세종대학교 소프트웨어학과 19011625 허진수
EMNIST is the Extended version of MNIST, that constitute a more challenging classification tasks involving letters and digits, and that shares the same image structure and parameters as the original MNIST task, allowing for direct compatibility with all existing classifiers and systems. In this assignment, I used EMNIST-ByClass. EMNIST-ByClass represents the most useful organization from a classification perspective as it contains the segmented digits and characters arranged by class. There are 62 classes comprising [0-9], [a-z] and [A-Z]. The data is also split into a suggested training and testing set
In this assignment, I used 7-layer CNN, consists with 2 convolution layers, 2 max pooling layers, and 3 linear layers.

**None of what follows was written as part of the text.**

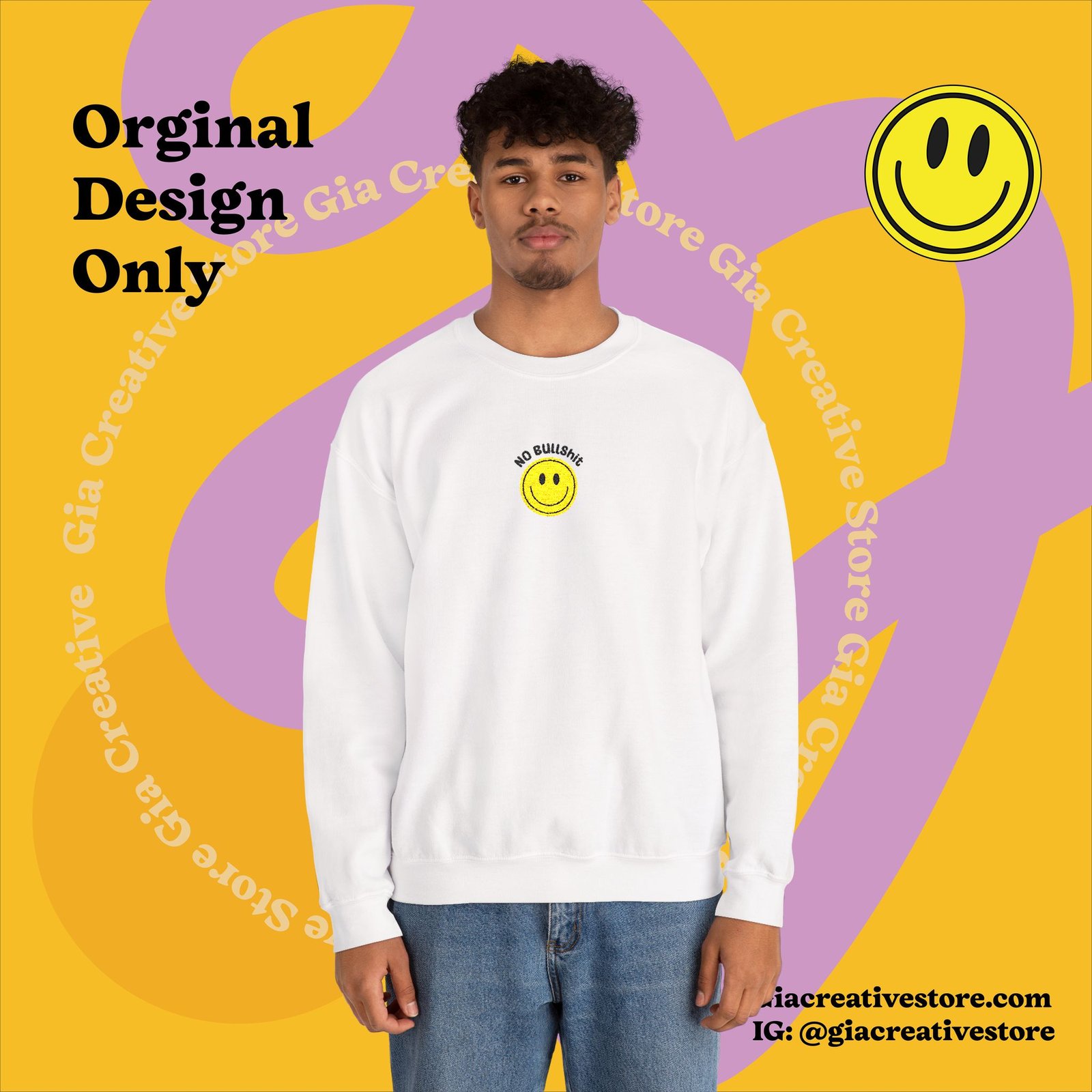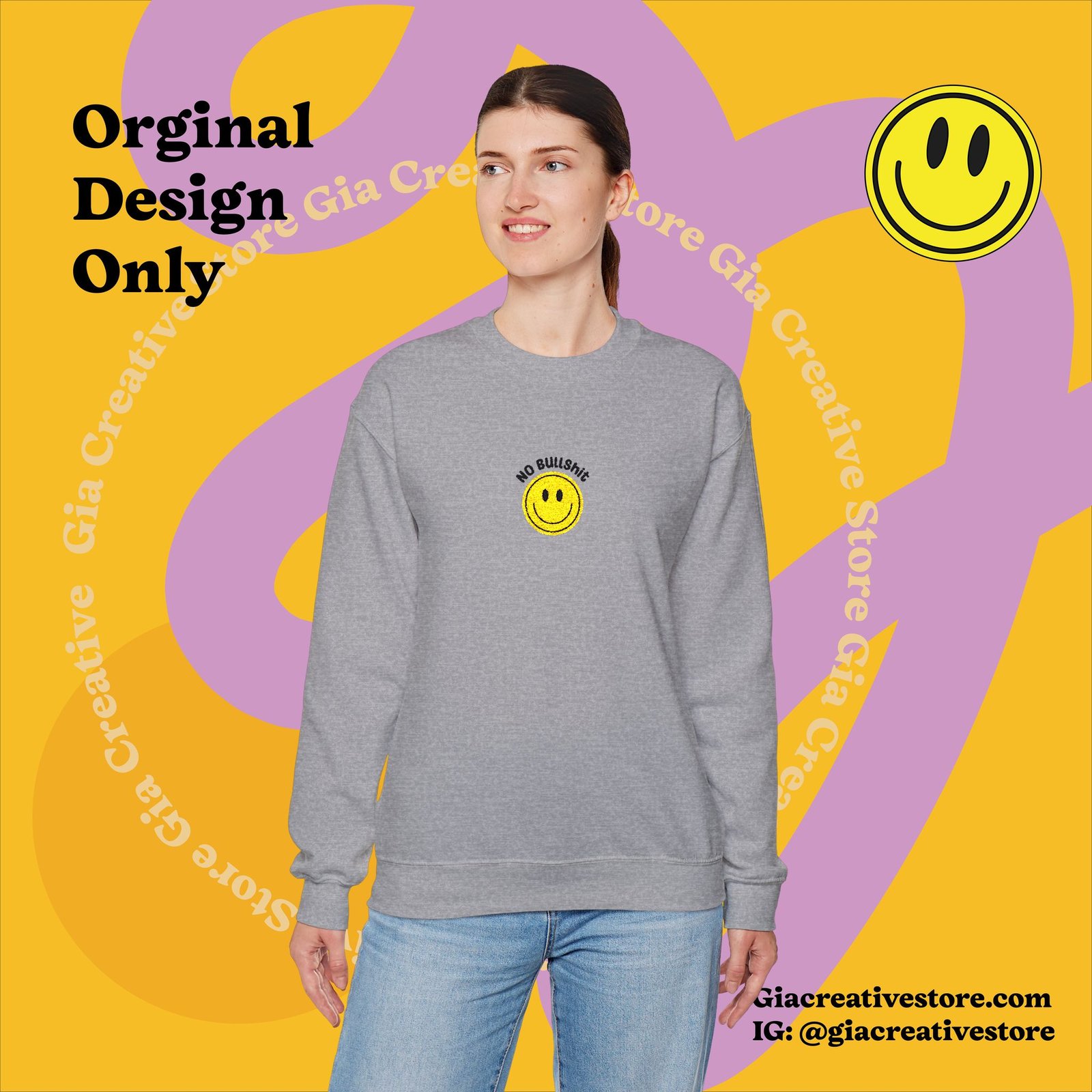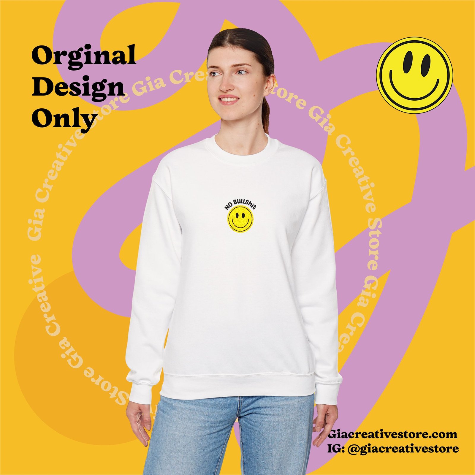 Embroidered No bullshit Cheerful Crewneck Sweatshirt with Smile Design

The first convolution layer has 3x3 kernel size, which mean extract 3x3 feature in the kernel. And stride is 1, so it will extract feature of 28x28x1 image and convert it to 28x28x32(32 is channel size) size image.
The max pool will reduce the size of the image. It is consistent with 2x2 kernel size and stride is 2. So it the size of the image will be 14x14x32.
The second convolution lays has 3x3 kernel size, 1stride and 64 output channel. So the image size will be 14x14x64.
The following max pool will reduce the size of the image and the size will be 7x7x64.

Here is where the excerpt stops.